What's the bottom line? How to compare models

Testing the
assumptions of linear regression

Additional notes on regression analysis

Spreadsheet with
regression formulas

Stepwise and all-possible-regressions

RegressIt: free Excel add-in for
linear regression and multivariate data analysis

Four assumptions of
regression

Testing for linear and
additivity of predictive relationships

Testing for
independence (lack of correlation) of errors

Testing for
homoscedasticity (constant variance) of errors

Testing for normality
of the error distribution

There
are **four principal assumptions** which
justify the use of linear regression models for purposes of inference or
prediction:

**(i)
linearity**** and additivity** of the
relationship between dependent and independent variables:

(a) The expected value of dependent variable is a straight-line function of
each independent variable, holding the others fixed.

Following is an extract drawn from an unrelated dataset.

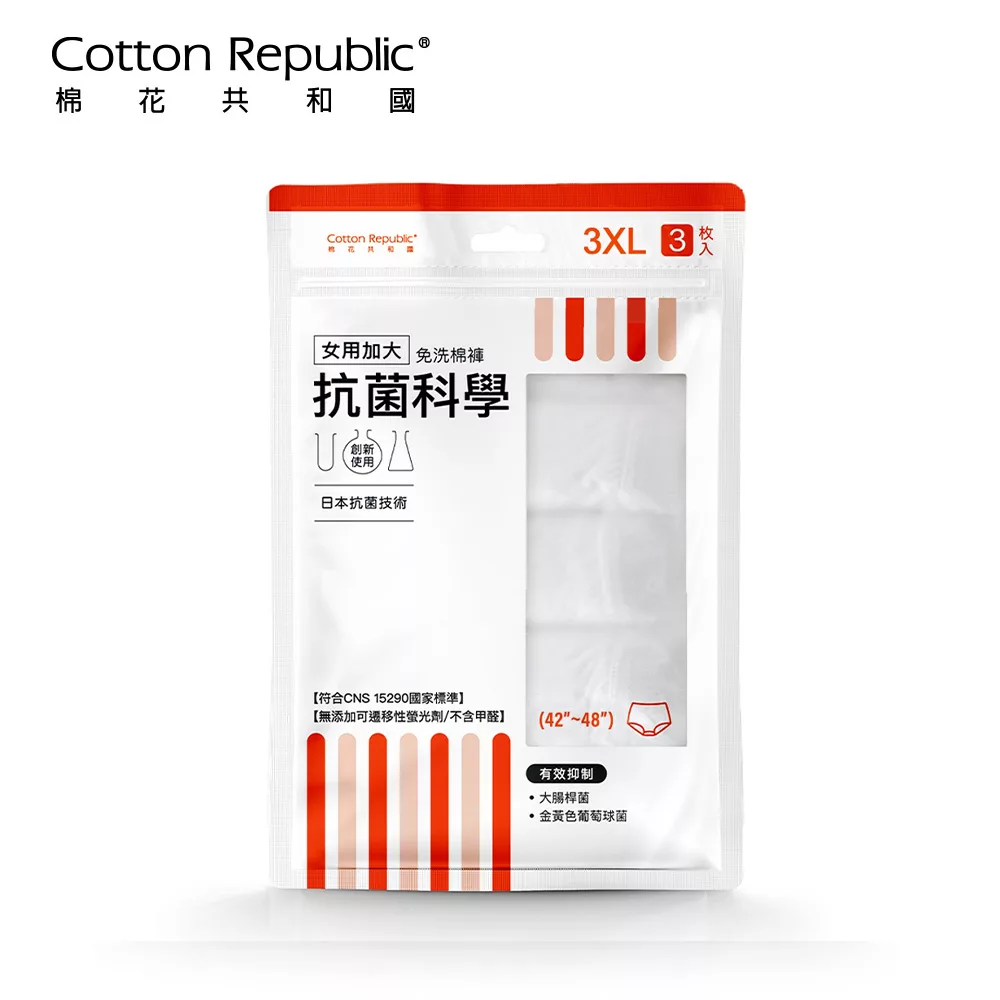 CR 棉花共和國 抗菌科學 女用生理免洗棉褲 3入【佳瑪】旅遊 旅行 舒適 方便 免洗褲加大 3XL

(b) The slope of that line does not depend on the values of the other
variables.

(c) The effects of different
independent variables on the expected value of the dependent variable are
additive.

**(ii)
statistical independence** of the errors (in particular, no correlation between
consecutive errors in the case of time series data)

**(iii)
homoscedasticity**
(constant variance) of the errors

(a) versus time (in the case of time series data)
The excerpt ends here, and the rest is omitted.